Data extract:
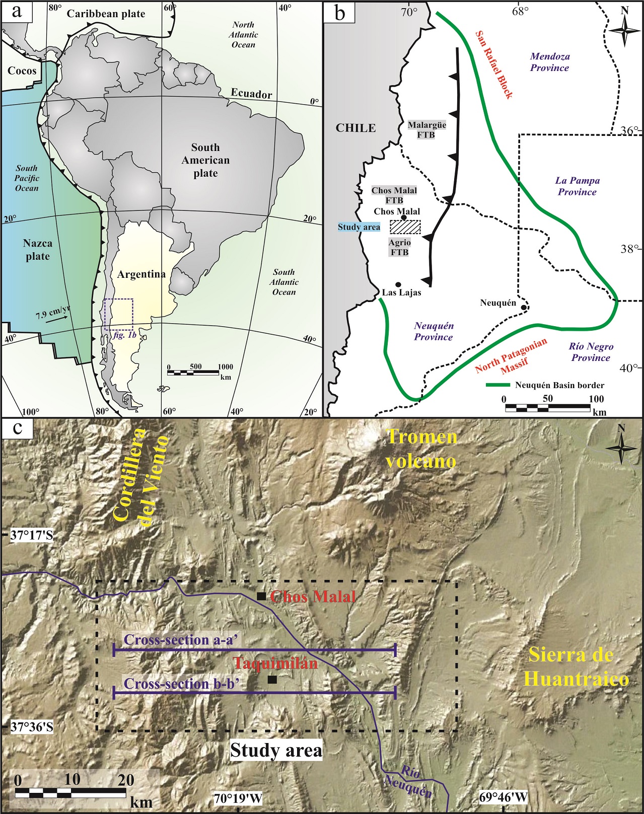 The Agrio fold and thrust belt (Ramos, 1978) is part of the Southern Central Andes and it is located at the Central-Western region of Argentina (Fig. 1a). The contractional deformation in this sector began in the Late Cretaceous related to the convergence between the Nazca plate and the South American plate. The region of study is located in the Neuquén Basin, which is one of the most important oil producing sedimentary basins of Argentina. In this zone, several works on the stratigraphy and the structure have been conducted because of the scientific and economic interest due to the presence of hydrocarbon deposits (Groeber, 1929, 1946; Zöllner and Amos, 1973; Minniti et al., 19861; Gulisano and Gutiérrez Pleimling, 1995; Vergani et al., 1995; Kozlowski et al., 1998; Zapata et al., 1999; Zapata and Folguera, 2005; Leanza et al., 2006; Zamora Valcarce et al., 2009; Rojas Vera et al., 2015; Turienzo et al., 2014, 2018; Sánchez et al., 2014, 2015).
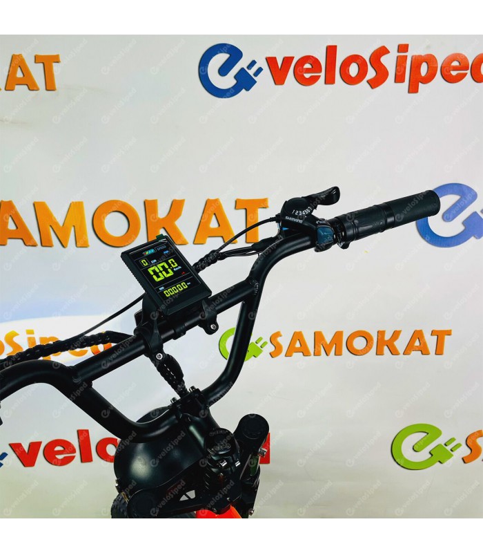 Для удобства на руле находится небольшой бардачок, в который можно убрать телефон или кошелёк. Также в рулевой части расположены: тормозные рычаги, информационный дисплей, кнопки управления подсветкой и курок газа. Дисковые тормоза обеспечат электронному велосипеду безопасную остановку практически на любой поверхности. Передняя яркая фара и задний габаритный огонь сделают очень комфортной поездку в вечернее время.
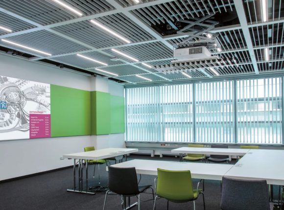 In den kleineren Seminarräumen befinden sich je nach Größe Projektionsmöglichkeiten entweder mit kleineren Sony-Projektoren oder mobile 75-Zoll-Displays vom Typ Sony FWL-75W855C, die auf einen Conen Displaywagen vom Typ SCETAC montiert sind. In jedem zweiten Tisch des Konferenzcenters befinden sich CablePort frame Stromanschlussfelder von Kindermann – insgesamt wurden hier 200 Tischanschlussfelder verbaut. Von Kindermann wurden auch Komponenten der Audioanlage in den großen Tagungsräumen geliefert. Die Mikrofone stammen von Mipro, ebenso die Empfänger. Die Deckenlautsprecher und die Audiomatrix stammen von Extron. Die Audimatrix-Systeme erlauben dem Konferenzzentrum eine einfache Einrichtung und Raumoptimierung sowie Steuerung der Audiosignale. In den Tagungsräumen- und Konferenzräumen dienen Polycom Trio Konferenztelefone als Sprachrohr zur Außenwelt.
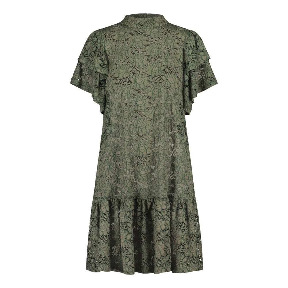 tuotekuva jossa naisten lyhyt vihreä pitsimekko frillahihoilla ja korkealla kauluksella, läpikuultava ilman aluspaitaa.

Your assignment:
Retype each line above exactly and leave out any picture.

Your response:
 The Agrio fold and thrust belt (Ramos, 1978) is part of the Southern Central Andes and it is located at the Central-Western region of Argentina (Fig. 1a). The contractional deformation in this sector began in the Late Cretaceous related to the convergence between the Nazca plate and the South American plate. The region of study is located in the Neuquén Basin, which is one of the most important oil producing sedimentary basins of Argentina. In this zone, several works on the stratigraphy and the structure have been conducted because of the scientific and economic interest due to the presence of hydrocarbon deposits (Groeber, 1929, 1946; Zöllner and Amos, 1973; Minniti et al., 19861; Gulisano and Gutiérrez Pleimling, 1995; Vergani et al., 1995; Kozlowski et al., 1998; Zapata et al., 1999; Zapata and Folguera, 2005; Leanza et al., 2006; Zamora Valcarce et al., 2009; Rojas Vera et al., 2015; Turienzo et al., 2014, 2018; Sánchez et al., 2014, 2015).
 Для удобства на руле находится небольшой бардачок, в который можно убрать телефон или кошелёк. Также в рулевой части расположены: тормозные рычаги, информационный дисплей, кнопки управления подсветкой и курок газа. Дисковые тормоза обеспечат электронному велосипеду безопасную остановку практически на любой поверхности. Передняя яркая фара и задний габаритный огонь сделают очень комфортной поездку в вечернее время.
 In den kleineren Seminarräumen befinden sich je nach Größe Projektionsmöglichkeiten entweder mit kleineren Sony-Projektoren oder mobile 75-Zoll-Displays vom Typ Sony FWL-75W855C, die auf einen Conen Displaywagen vom Typ SCETAC montiert sind. In jedem zweiten Tisch des Konferenzcenters befinden sich CablePort frame Stromanschlussfelder von Kindermann – insgesamt wurden hier 200 Tischanschlussfelder verbaut. Von Kindermann wurden auch Komponenten der Audioanlage in den großen Tagungsräumen geliefert. Die Mikrofone stammen von Mipro, ebenso die Empfänger. Die Deckenlautsprecher und die Audiomatrix stammen von Extron. Die Audimatrix-Systeme erlauben dem Konferenzzentrum eine einfache Einrichtung und Raumoptimierung sowie Steuerung der Audiosignale. In den Tagungsräumen- und Konferenzräumen dienen Polycom Trio Konferenztelefone als Sprachrohr zur Außenwelt.
 tuotekuva jossa naisten lyhyt vihreä pitsimekko frillahihoilla ja korkealla kauluksella, läpikuultava ilman aluspaitaa.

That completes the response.